Nope, because in France income tax isn’t deducted on paychecks. The income tax services sends you the “bill” the following year for the actual amount you owe, and you’ve to write a check (or pay it with a cartload of 1 cent coins, whatever). So, here, everybody would be expected to know how much he pays in income tax. But…nope…some people don’t…

amarone: you just burst my bubble. Actually, property tax amounts to just about 7k, so I guess we’re actually just even, in terms of the absolute amount.
Of course, in terms of the percentage, it’s quite a bit lower, since what that means is that I’m paying the same amount on a higher income, which shows a certain regressivity in the total tax structure. The spending accounts I named are important because, at least in the instance of the Health Care account, there’s a large element of choice in how much you put in (if you have children and you have to pay for day care, the Dependent Care account is pretty much a no-brainer) and of course it’s easier to contribute more if you make more.
But, the point about total tax take is a good one.

:eek: Remind me not to move to New Jersey (or you have a very expensive house).

And if you have a lot of deductions, you’ll need to look out for the AMT. The projections are that a lot of upper-medium income people will be hit in the next few years, particularly if they have a lot of deductions.
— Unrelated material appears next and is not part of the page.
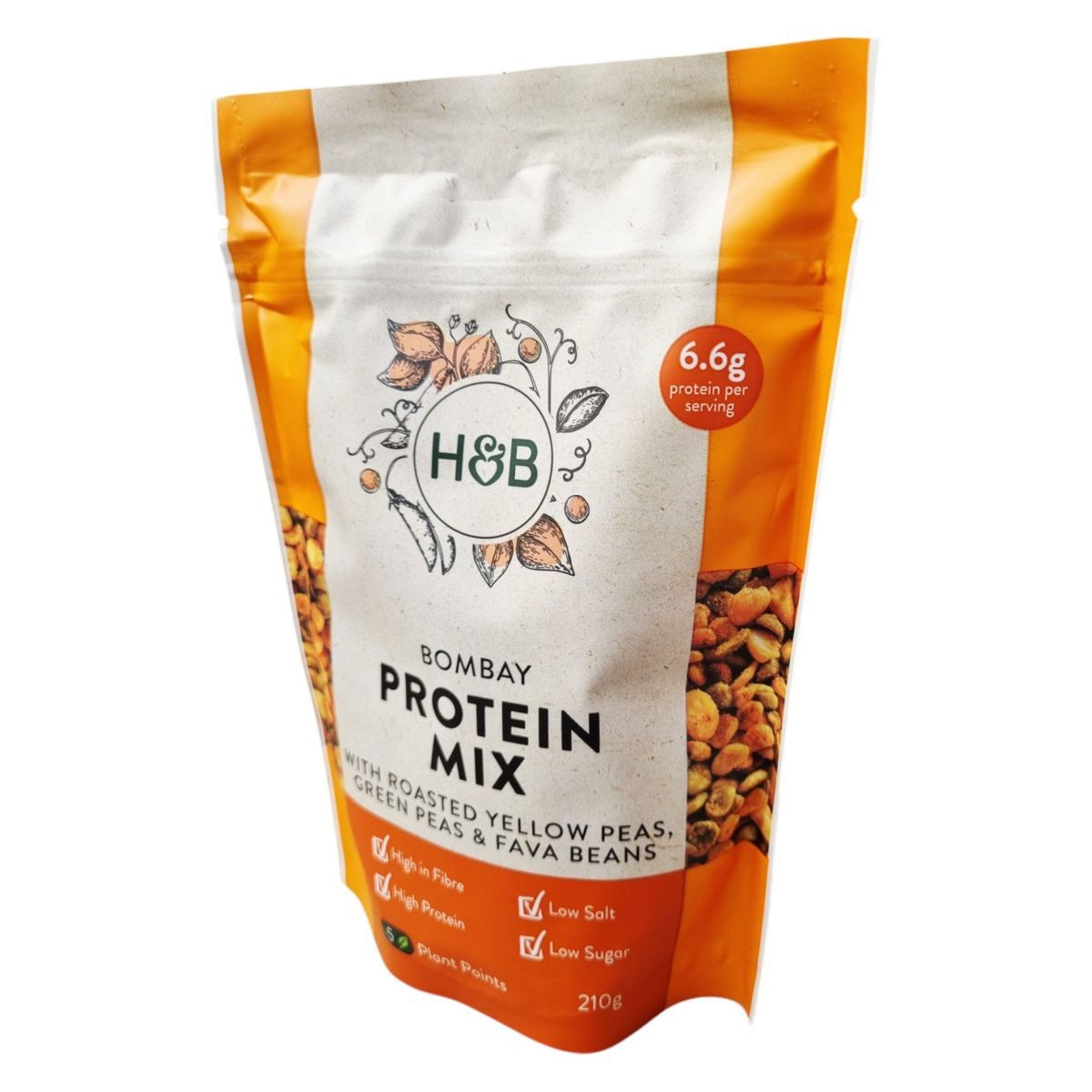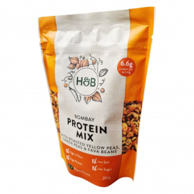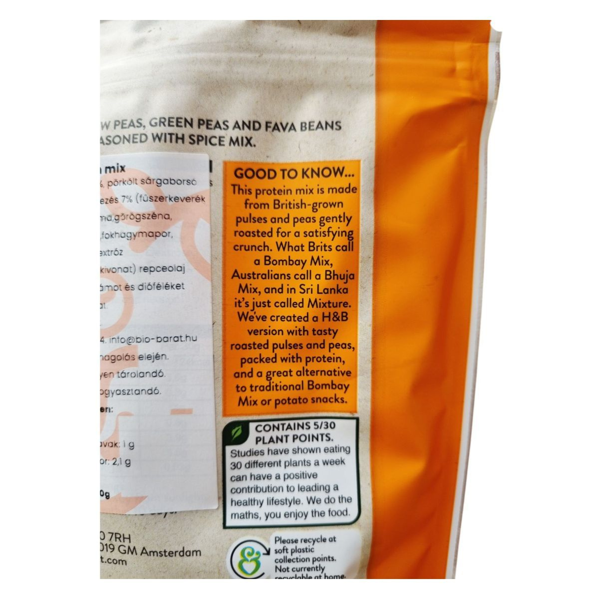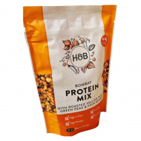 A Bombay Protein mix brit termesztésű hüvelyesekből és borsóból készült ropogós, indiai jellegű fűszerezésű keverék. Magas fehérjetartalmú, pörköléssel készült termék.
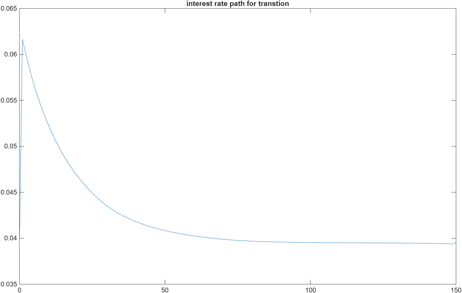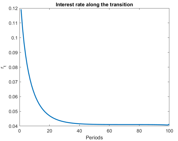 PricePath=TransitionPath_Case1(PricePath0, ParamPath, T, V_final, StationaryDist_init, n_d, n_a, n_z, pi_z, d_grid,a_grid,z_grid, ReturnFn, FnsToEvaluate, TransPathGeneralEqmEqns, Params, DiscountFactorParamNames, transpathoptions,vfoptions, simoptions);

I agree that the health and day care accounts help, particularly because the contributions are taken straight off gross salary.

So, I do agree that there are some ways to reduce taxes that it is easier for better off people to use (and I would abolish tax relief on mortgage interest, personally - I don’t see why the government should enforce income redistribution from non-homeowners to homeowners). My main purpose in intervening in the thread was to counteract the common myth being propagated by other posters that “the rich don’t pay taxes.” “The rich” pay taxes, and they pay more than anyone else.

Depends on the type of option.

If they’re non-qualified, the gain is ordinary income. For example, you have 20,000 options granted at $10. You exercise at $20. You now have $200,000 of ordinary income subject to income and payroll taxes. It doesn’t matter whether you went straight to cash or kept the gain as stock.

If they’re incentive and you keep the gain as stock and you hold the stock long enough after exercise (1 year after exercise), you pay capital gains rates.

Actually, NJ’s nice. We even have tulip trees up here (which I know is a common tree down there, 'cause my sister lives in Georgia).
However, the housing is expensive, and the taxes are high. Salaries for jobs like mine are correspondingly higher, of course, but it’s still tough to afford things around here.
Question re the AMT (I can never seem to get any decent info on that thing): are they limiting both adjustments & deductions or just deductions? It’s tough to strategize if you don’t know this kind of thing.

Here’s a link on things that can cause AMT to kick in. I mentioned AMT because of your reference to property taxes (and high NJ taxes). Neither of these count as deductions when calculating tax liability under AMT. And here is an article from Fortune.

Interesting. You start, on the AMT form, at line 36 or line 39 of the 1040, which is either your adjusted gross income or your AGI minus deductions. Then they’ve got a bunch of things to add back, none of which are adjustments. So that means even under the AMT there’s no limit on how much you can put into a 401k, Health or Dependent Care Spending Account, or towards paying for your portion of employer provided health insurance, other than what the regularly published limits are. Which means the more adjustments you can take, the less the chance that the AMT will strike you. Which is fine with me.